### Task item
Somewhere below are a line with "wantwant, heart in" and a later line with "网站的页面布局其实非常简陋,你现在看到的". Output exactly those lines and all lines between them.

### Dataset records
####################

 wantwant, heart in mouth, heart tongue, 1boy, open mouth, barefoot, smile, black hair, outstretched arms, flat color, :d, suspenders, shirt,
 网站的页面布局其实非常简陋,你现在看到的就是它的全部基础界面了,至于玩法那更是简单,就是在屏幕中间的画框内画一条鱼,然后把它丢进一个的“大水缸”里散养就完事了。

####################

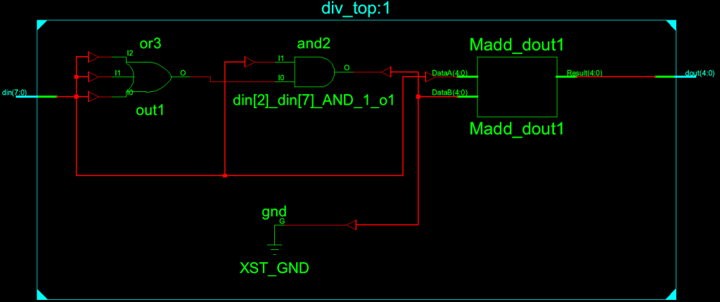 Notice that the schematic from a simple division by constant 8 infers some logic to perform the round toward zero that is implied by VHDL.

####################

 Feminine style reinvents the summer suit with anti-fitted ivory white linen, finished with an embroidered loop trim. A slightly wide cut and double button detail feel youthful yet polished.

####################

### Task result
 wantwant, heart in mouth, heart tongue, 1boy, open mouth, barefoot, smile, black hair, outstretched arms, flat color, :d, suspenders, shirt,
 网站的页面布局其实非常简陋,你现在看到的就是它的全部基础界面了,至于玩法那更是简单,就是在屏幕中间的画框内画一条鱼,然后把它丢进一个的“大水缸”里散养就完事了。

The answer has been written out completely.